**PROVIDED DATA**

Start of Block

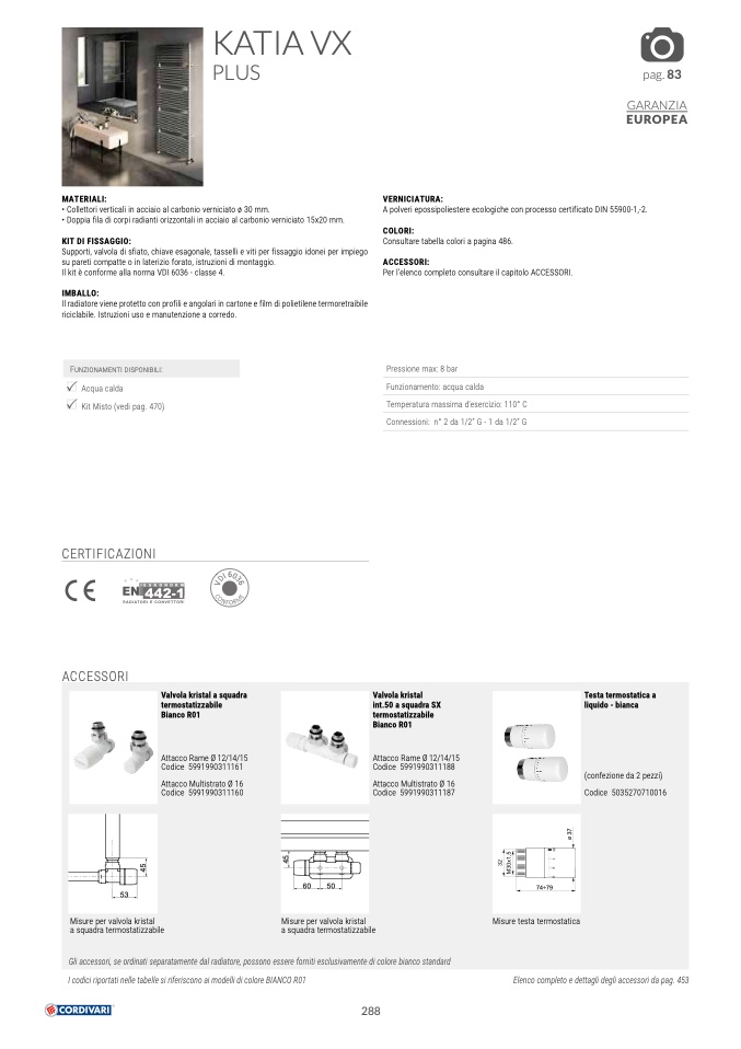 Gli accessori, se ordinati separatamente dal radiatore, possono essere forniti esclusivamente di colore bianco standard
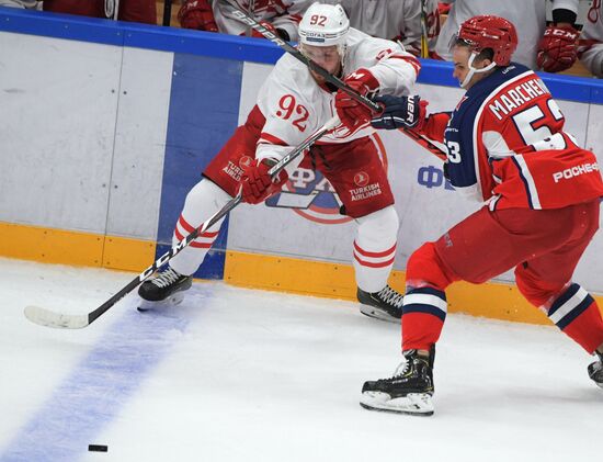 Игрок ХК "Спартак" Антон Злобин (слева) и игрок ПХК ЦСКА Алексей Марченко в матче Кубка мэра Москвы между ПХК ЦСКА (Москва) и ХК "Спартак" (Москва). 22.08.2019#5981941
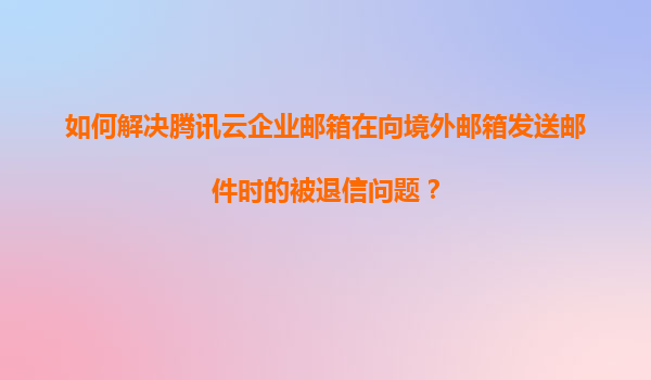 2025-11-05如何解决腾讯云企业邮箱在向境外邮箱发送邮件时的被退信问题 一、问题背景与原因分析 腾讯云企业邮箱因其安全稳定的特性深受企业用户信赖,但在向境外邮箱(如Gmail、Outlook等)发送邮件时,偶尔...

End of Block

Copy all of the data word for word, and keep the pictures out of it.

 Gli accessori, se ordinati separatamente dal radiatore, possono essere forniti esclusivamente di colore bianco standard
 Игрок ХК "Спартак" Антон Злобин (слева) и игрок ПХК ЦСКА Алексей Марченко в матче Кубка мэра Москвы между ПХК ЦСКА (Москва) и ХК "Спартак" (Москва). 22.08.2019#5981941
 2025-11-05如何解决腾讯云企业邮箱在向境外邮箱发送邮件时的被退信问题 一、问题背景与原因分析 腾讯云企业邮箱因其安全稳定的特性深受企业用户信赖,但在向境外邮箱(如Gmail、Outlook等)发送邮件时,偶尔...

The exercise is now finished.